In a clinical trial in which patients at high risk of cardiovascular disease were treated with simvastatin 40 mg/day (median follow-up 3.9 years), the incidence of myopathy was approximately 0.05% for non- Chinese patients (n=7367) compared with 0.24% for Chinese patients (n=5468). The incidence of myopathy for Chinese patients on simvastatin 40 mg/day or ezetimibe and simvastatin 10/40 mg/day coadministered with extended-release niacin 2 g/day was 1.24%.

Chinese patients may be at higher risk for myopathy, monitor patients appropriately. Coadministration of VYTORIN with lipid-modifying doses (greater than or equal to1 g/day niacin) of niacin-containing products is not recommended in Chinese patients.

17 PCI/PI/MG (Patient Counseling Information/Patient Information/Medication Guide)

PATIENT INFORMATION

(additions underlined)

What should I tell my doctor before and while taking VYTORIN? Tell your doctor if you:

  • are Chinese

 

 

What are the possible side effects of VYTORIN? VYTORIN may cause serious side effects, including:

  • Muscle pain, tenderness and weakness (myopathy). Muscle problems, including muscle breakdown, can be serious in some people and rarely cause kidney damage that can lead to death.

     

     

    Your chances of getting muscle problems are higher if you:

  • are Chinese

02/28/2018 (SUPPL-60)

Approved Drug Label (PDF)

5 Warnings and Precautions

5.1 Myopathy/Rhabdomyolysis

(Additions and/or revisions are underlined)

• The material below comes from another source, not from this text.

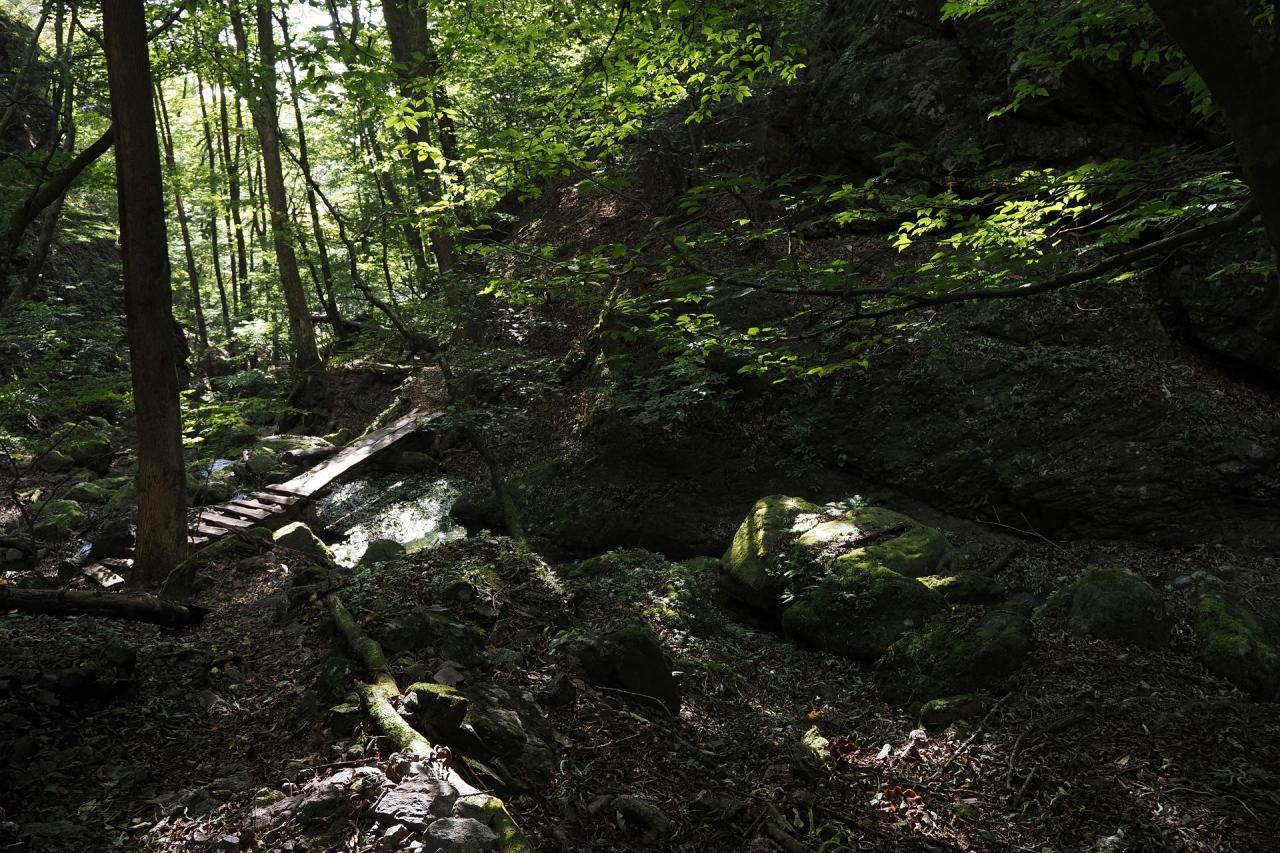 登りでは写真を撮る気にもならなかったけど、けっこう立派な滝もあった。

… Myopathy sometimes takes the form of rhabdomyolysis with or without acute renal failure secondary to myoglobinuria, and rare fatalities have occurred. The risk of myopathy is increased by elevated plasma levels of simvastatin and simvastatin acid. Predisposing factors for myopathy include advanced age greater than or equal to 65 years), female gender, uncontrolled hypothyroidism, and renal impairment.

Drug Interactions

The risk of myopathy and rhabdomyolysis is increased by elevated plasma levels of simvastatin and simvastatin acid

5.2 Liver Enzymes

(Additions and/or revisions are underlined)

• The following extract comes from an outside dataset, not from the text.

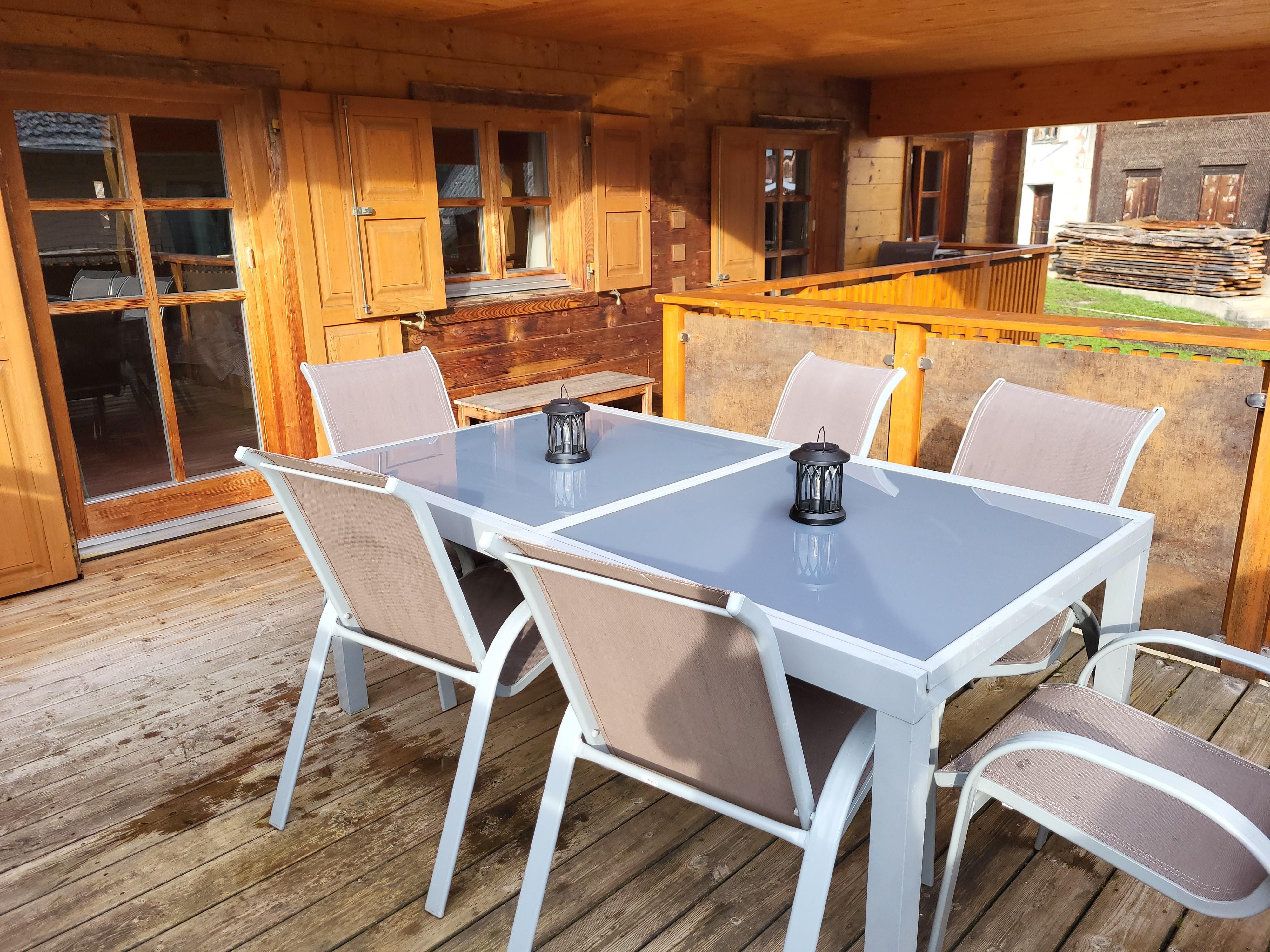 Die Ferienwohnung 4 ist eine liebevoll, eingerichtete Wohnung für 8 - 11 Personen mit einer Garderobe, vier Schlafzimmer, einer Wohnküche, einem Esszimmer mit TV, zwei Duschen (einmal mit WC), einem separaten WC und mit einem Balkon/Terrasse.(Gesamt 130 m²).

In three placebo-controlled, 12-week trials, the incidence of consecutive elevations greater than or equal to 3 X ULN) in serum transaminases was 1.7% overall for patients treated with VYTORIN and appeared to be dose- related with an incidence of 2.6% for patients treated with VYTORIN 10/80. In controlled long-term (48-week) extensions, which included both  newly-treated  and  previously-treated  patients,  the incidence of consecutive elevations greater than or equal to 3 X ULN) in serum transaminases was 1.8% overall and 3.6%...

6 Adverse Reactions

6.1 Clinical Trials Experience

(Additions and/or revisions are underlined)

VYTORIN

The most commonly reported adverse reactions (incidence greater than or equal to 2% and greater than placebo) in controlled clinical trials were: headache (5.8%), increased ALT (3.7%), myalgia (3.6%), upper respiratory tract infection (3.6%), and diarrhea (2.8%)…

8 Use in Specific Populations

8.5 Geriatric Use

(Additions and/or revisions are underlined)

… Since advanced age (greater than or equal to 65 years) is a predisposing factor for myopathy, VYTORIN should be prescribed with caution in the elderly. Because advanced age (greater than or equal to 65 years) is a predisposing factor for myopathy, including rhabdomyolysis, VYTORIN should be prescribed with caution in the elderly. In a  clinical  trial of patients treated with simvastatin 80 mg/day, patients greater than or equal to 65 years of age had an increased risk of myopathy…

17 PCI/PI/MG (Patient Counseling Information/Patient Information/Medication Guide)

17 PATIENT COUNSELING INFORMATION

(Additions and/or revisions are underlined)

Advise the patient to read the FDA-approved patient labeling (Patient Information).